**DATA BLOCK:**
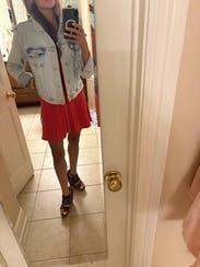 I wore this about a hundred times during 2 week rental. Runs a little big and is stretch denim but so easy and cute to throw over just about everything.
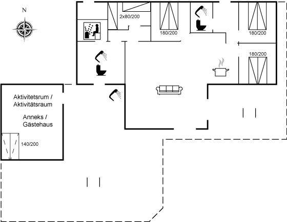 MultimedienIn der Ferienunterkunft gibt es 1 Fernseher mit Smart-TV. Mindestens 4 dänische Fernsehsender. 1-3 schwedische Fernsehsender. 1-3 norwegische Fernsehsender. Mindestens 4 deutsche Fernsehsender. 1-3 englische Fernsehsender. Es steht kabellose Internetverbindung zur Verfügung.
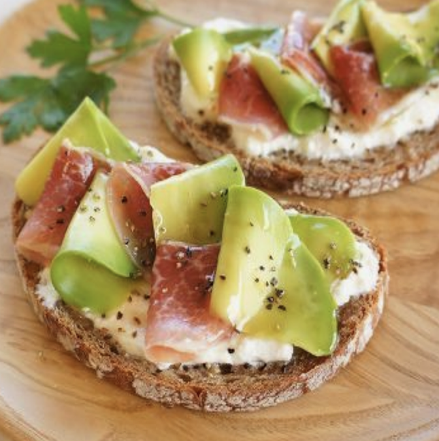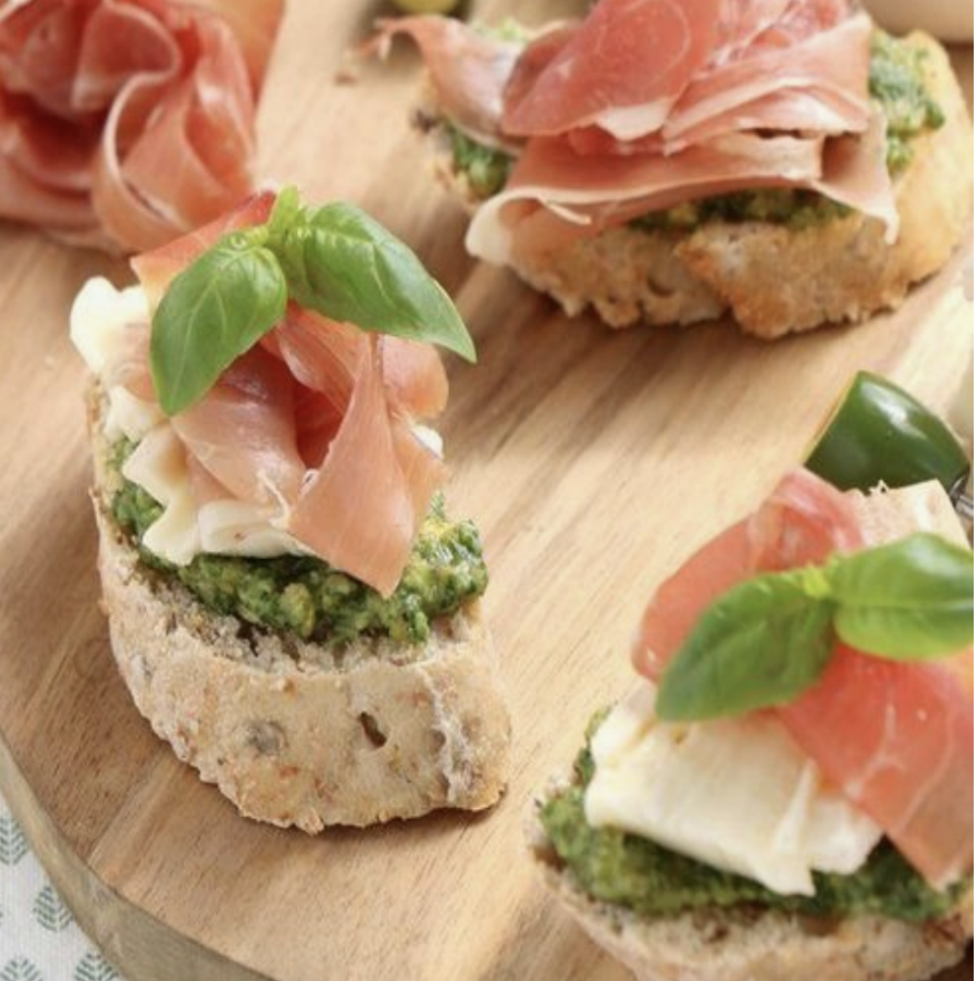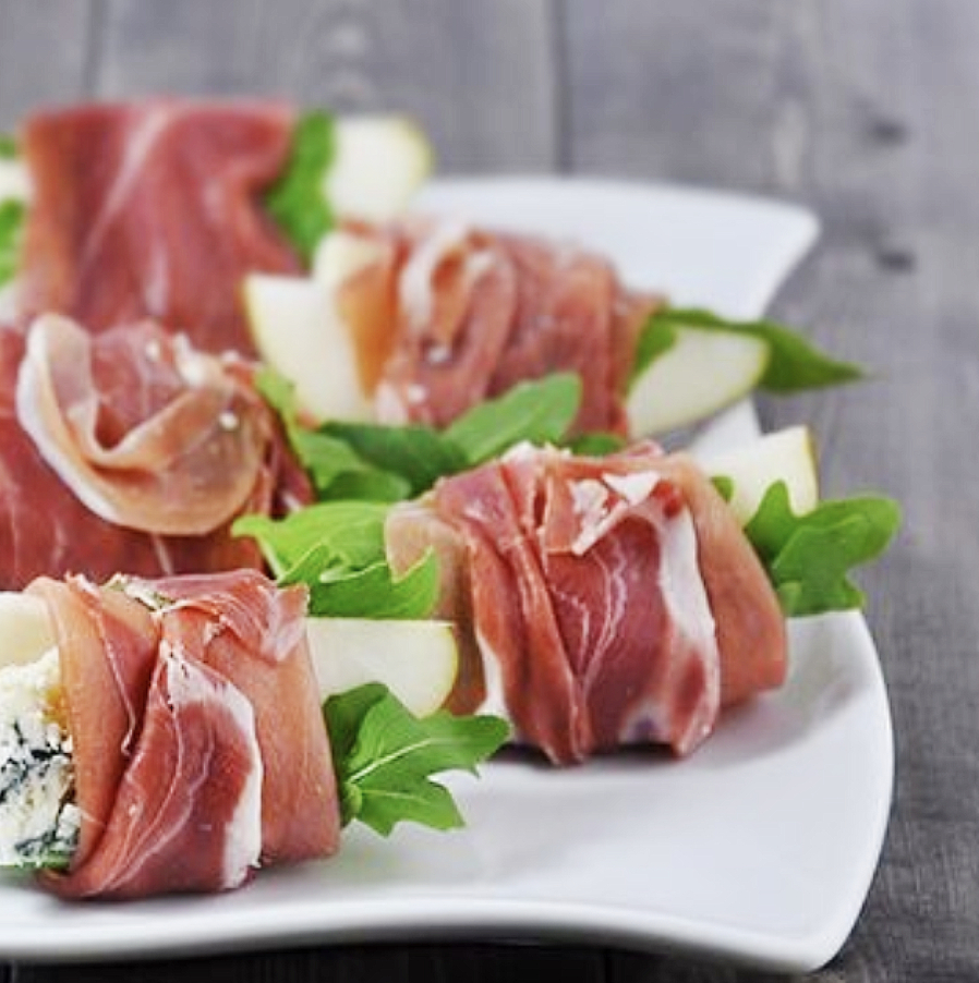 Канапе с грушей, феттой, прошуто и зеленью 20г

**DIRECTIONS:** What is needed is the listing above, repeated verbatim, without its images.

**EXERCISE ANSWER:**
 I wore this about a hundred times during 2 week rental. Runs a little big and is stretch denim but so easy and cute to throw over just about everything.
 MultimedienIn der Ferienunterkunft gibt es 1 Fernseher mit Smart-TV. Mindestens 4 dänische Fernsehsender. 1-3 schwedische Fernsehsender. 1-3 norwegische Fernsehsender. Mindestens 4 deutsche Fernsehsender. 1-3 englische Fernsehsender. Es steht kabellose Internetverbindung zur Verfügung.
 Канапе с грушей, феттой, прошуто и зеленью 20г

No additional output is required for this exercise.